Since this information is essential to the dataset, producing files as described in the “Billion Taxi Rides in Redshift” blog post is no longer feasible due to the missing detailed location data. However, the internet never forgets. Hence, we located instances of the original dataset distributed by various sources, such as [1], [2], and [3]. Using these sources, we combined the original CSV files with weather information from the scripts referenced in the “Billion Taxi Rides in Redshift” blog post.
How Does This Dataset Differ from the Original One?
There are two significant differences between the dataset we distribute and the one from the “Billion Taxi Rides in Redshift” blog post:
- Our dataset includes data up to the last date that longitude and latitude information was available (June 30, 2016), whereas the original post only included data up to the end of 2015 (understandable, as the post was written in February 2016).
- We also included Uber trips, which were excluded from the original post.
If you wish to run the benchmark with a dataset as close to the original as possible, you can generate a new table by filtering out the additional data.
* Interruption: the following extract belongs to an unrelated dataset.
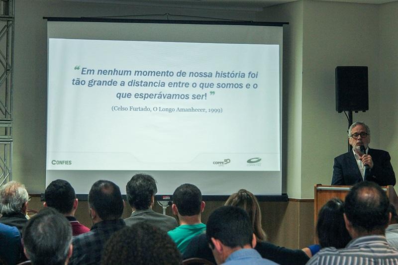 “Inovação no Brasil e sua restrições” foi o tema da palestra de Fernando Peregrino, presidente do Conselho Nacional das Fundações de Apoio às Instituições de Ensino Superior e de Pesquisa Científica e Tecnológica (Confies), com 35 anos de atuação na área. Perguntado sobre o ambiente da pesquisa em tecnologia e inovação no país, não enganou. “Muito ruim. Primeiro porque faltam recursos, os cortes foram brutais na área da pesquisa; segundo, o excesso de burocracia. O Estado está repleto de instrumentos burocráticos que não se adaptam às atividades de pesquisa; por fim, a política macroeconômica, que favorece mais ao capital financeiro que ao produtivo. A indústria no Brasil tem sido desfeita. Hoje temos um patamar industrial semelhante ao ano de 1947. A contribuição do PIB industrial de hoje, é igualzinho ao de 1947”, revelou, apresentando números desoladores. “O Brasil é a 9ª economia no mundo, 63º em ciência, 79º IDH, 81º em competitividade, 116º em burocracia e o 69º em inovação”.

For example:
CREATE TABLE trips_og AS
FROM trips
WHERE pickup_datetime < '2016-01-01'
AND cab_type != 'uber';
Conclusion
In this blog post, we discussed how to run the taxi benchmark on DuckDB, and we've made all scripts available so you can benchmark your preferred system as well. We also demonstrated how this highly relevant benchmark can be used to evaluate our operators and gain insights into areas for further improvement.